▶ _Try it_
Transcribe the data exactly, omitting whatever pictures it holds.

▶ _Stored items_
[Start of section]
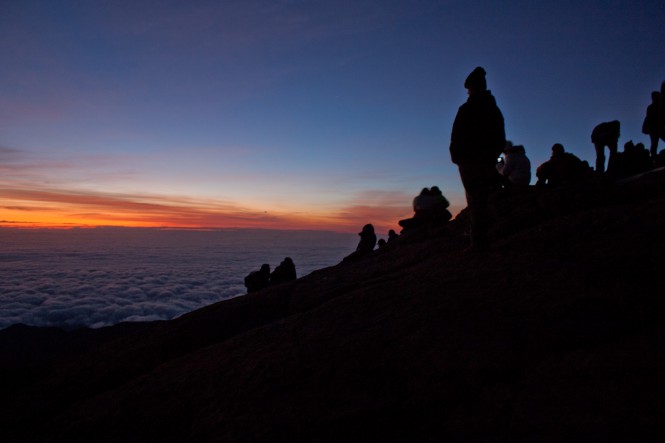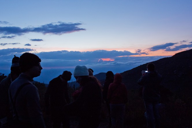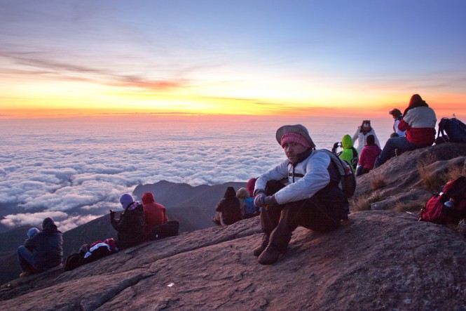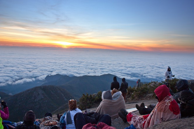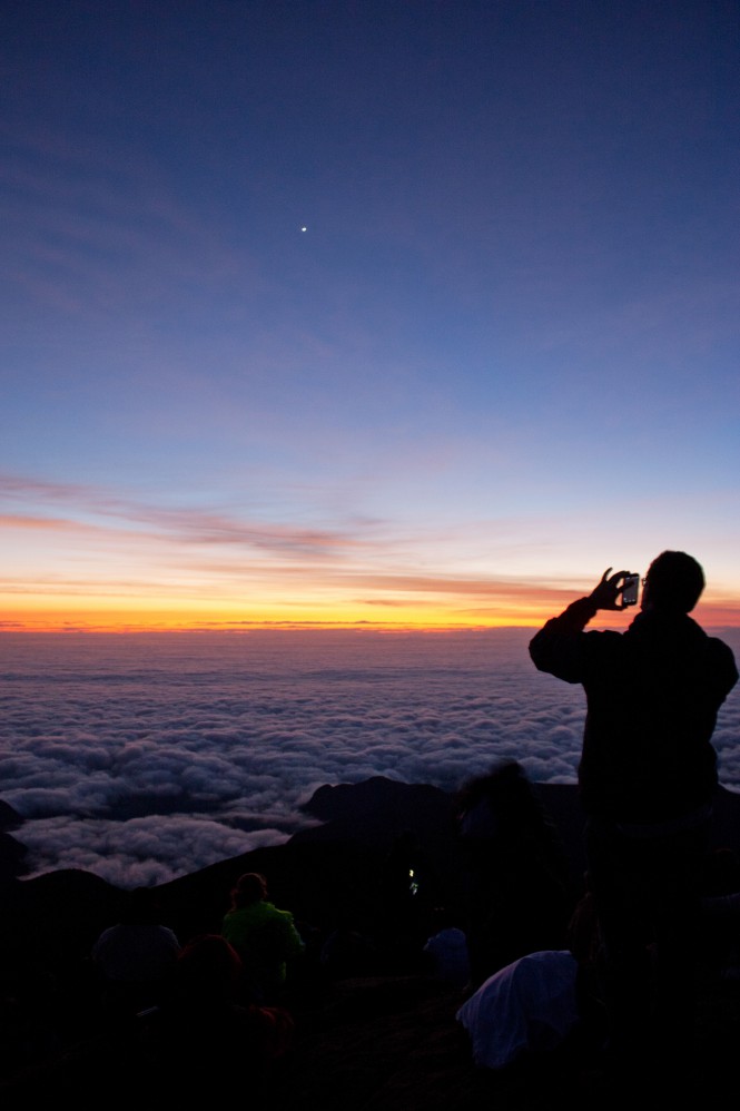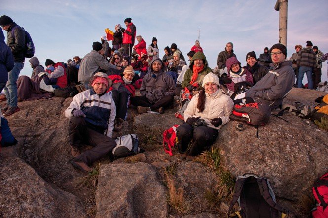 Chegamos ao pico em torno de 5:40h. Muita gente já ocupando os espaços para aguardar o nascer do sol. Colocamos de volta as camadas de roupa. O céu estava muito bonito, bem limpo. O tempo ajudou bastante.
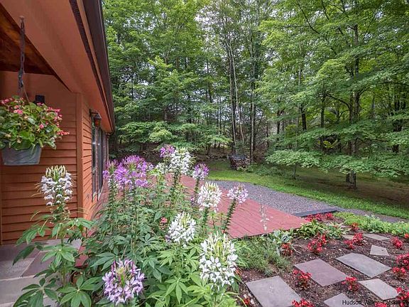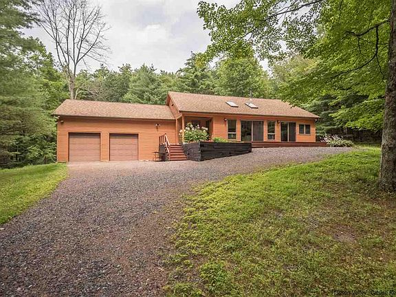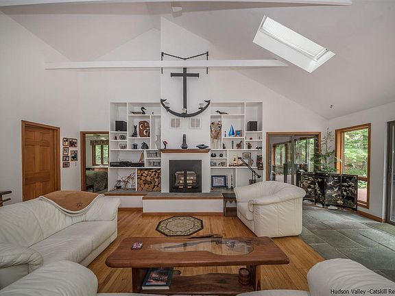 Cedar sided contemporary ranch with modern open floor plan. Great room is sun filled with cathedral ceilings, beams, wood insert fireplace, built-ins and skylights. Enjoy the natural light. Nestled in the woods with a private setting and just minutes to Stone Ridge center and the Ashokan reservoir. Master en suite offers large walk in closet and updated bathroom. This is one level living with attached garage. Delightful screened porch in rear and deck in front. Eat in Kitchen with over sized pantry and separate dining room. Recent improvements include new roof in 2007 with 30 year shingles. 3 zone furnace in 2000. New appliances 2008. Nature's best surrounds you as the seasons unfold in your very own Catskill retreat. Less then 2 hrs. to NYC
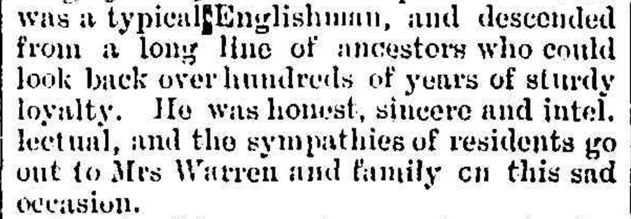 Along with Ann, George left seven daughters and five sons at the time of his death. Two sons were serving overseas. Francis Edgar Warren was killed at Gallipoli six months after his father’s death on 17 June 1915. Leslie Parsons Warren later returned home. Ann continued running Myrtlebank after George’s death until her own death in 1935 at Hamilton.
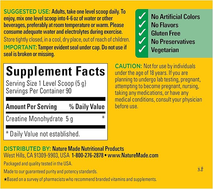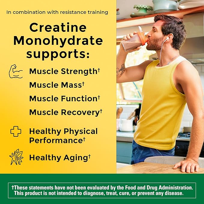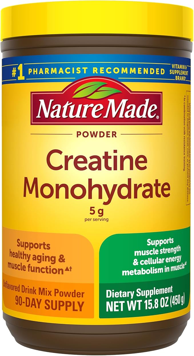 - Muscle support supplement: contains a 90-day supply of Nature Made Creatine Monohydrate Powder Drink Mix
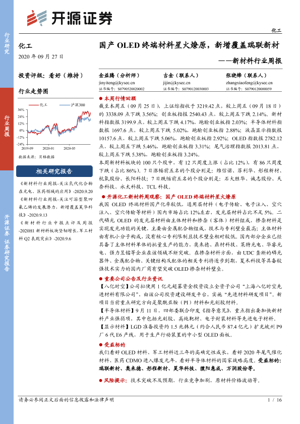 【开源证券】【20200927】20200927-开源证券-新材料行业周报:国产OLED终端材料星火燎原,新增覆盖瑞联新材-16页
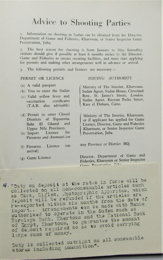 Tipped-in ephemera of "Duty on deposit" for Safari Imports.
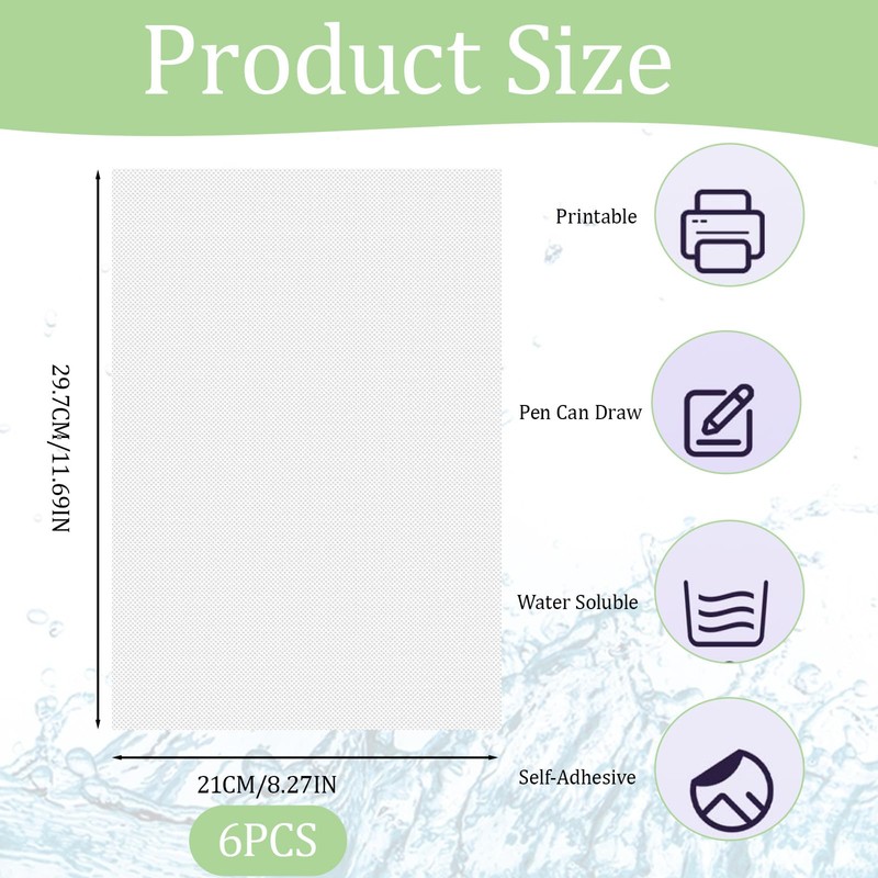 - Product Includes: 6 Sheets of water soluble embroidery paper, measuring approximately 8.27 inches x 11.69 inches, meet the needs of multiple embroidery, suitable for DIY enthusiasts, clothing designers and cross-stitch, patchwork embroideryenthusiasts
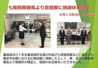 七尾税務署長より書道部に感謝状を贈呈
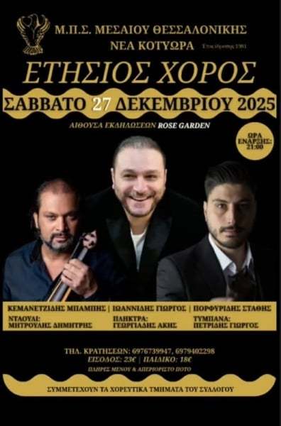 Τον ετήσιο χορό του οργανώνει σήμερα, Σάββατο, ο Μορφωτικός Πολιτιστικός Σύλλογος Μεσαίου Θεσσαλονίκης «Νέα Κοτύωρα», με τη συμμετοχή των χορευτικών του τμημάτων.
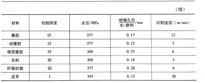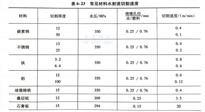 水射流切割常用的(de)切割材料及(ji)其切割工藝(yi)參數見表(biao)6-23。
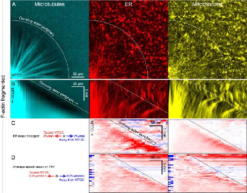Figure 7—figure supplement 1. Like other organelles, mitochondria exhibited a burst of organelle movement near the growing aster periphery.(Related to Figures 6 and 7, Video 11) (A) F-actin was fragmented by Cytochalasin D. Microtubules were labeled with tubulin-Alexa Fluor 647, ER with DiD, and mitochondria with TMRE. (B) Kymographs along a line from the MTOC. (C) Mass transport map for ER and mitochondria averaged over a quadrant, in the same frame of reference as the kymographs in panel B. Mass transport analysis is described in Figure 7—figure supplement 2. (D) Average speed based on PIV, in the same frame of reference as panels B and C, and averaged over a quadrant. In all analysis methods, mitochondria behaved similar to acidic organelles and likewise exhibited a burst of movement at the growing aster periphery. |
[End of section]
▶ _Exercise answer_
 Chegamos ao pico em torno de 5:40h. Muita gente já ocupando os espaços para aguardar o nascer do sol. Colocamos de volta as camadas de roupa. O céu estava muito bonito, bem limpo. O tempo ajudou bastante.
 Cedar sided contemporary ranch with modern open floor plan. Great room is sun filled with cathedral ceilings, beams, wood insert fireplace, built-ins and skylights. Enjoy the natural light. Nestled in the woods with a private setting and just minutes to Stone Ridge center and the Ashokan reservoir. Master en suite offers large walk in closet and updated bathroom. This is one level living with attached garage. Delightful screened porch in rear and deck in front. Eat in Kitchen with over sized pantry and separate dining room. Recent improvements include new roof in 2007 with 30 year shingles. 3 zone furnace in 2000. New appliances 2008. Nature's best surrounds you as the seasons unfold in your very own Catskill retreat. Less then 2 hrs. to NYC
 Along with Ann, George left seven daughters and five sons at the time of his death. Two sons were serving overseas. Francis Edgar Warren was killed at Gallipoli six months after his father’s death on 17 June 1915. Leslie Parsons Warren later returned home. Ann continued running Myrtlebank after George’s death until her own death in 1935 at Hamilton.
 - Muscle support supplement: contains a 90-day supply of Nature Made Creatine Monohydrate Powder Drink Mix
 【开源证券】【20200927】20200927-开源证券-新材料行业周报:国产OLED终端材料星火燎原,新增覆盖瑞联新材-16页
 Tipped-in ephemera of "Duty on deposit" for Safari Imports.
 - Product Includes: 6 Sheets of water soluble embroidery paper, measuring approximately 8.27 inches x 11.69 inches, meet the needs of multiple embroidery, suitable for DIY enthusiasts, clothing designers and cross-stitch, patchwork embroideryenthusiasts
 七尾税務署長より書道部に感謝状を贈呈
 Τον ετήσιο χορό του οργανώνει σήμερα, Σάββατο, ο Μορφωτικός Πολιτιστικός Σύλλογος Μεσαίου Θεσσαλονίκης «Νέα Κοτύωρα», με τη συμμετοχή των χορευτικών του τμημάτων.
 水射流切割常用的(de)切割材料及(ji)其切割工藝(yi)參數見表(biao)6-23。
Figure 7—figure supplement 1. Like other organelles, mitochondria exhibited a burst of organelle movement near the growing aster periphery.(Related to Figures 6 and 7, Video 11) (A) F-actin was fragmented by Cytochalasin D. Microtubules were labeled with tubulin-Alexa Fluor 647, ER with DiD, and mitochondria with TMRE. (B) Kymographs along a line from the MTOC. (C) Mass transport map for ER and mitochondria averaged over a quadrant, in the same frame of reference as the kymographs in panel B. Mass transport analysis is described in Figure 7—figure supplement 2. (D) Average speed based on PIV, in the same frame of reference as panels B and C, and averaged over a quadrant. In all analysis methods, mitochondria behaved similar to acidic organelles and likewise exhibited a burst of movement at the growing aster periphery. |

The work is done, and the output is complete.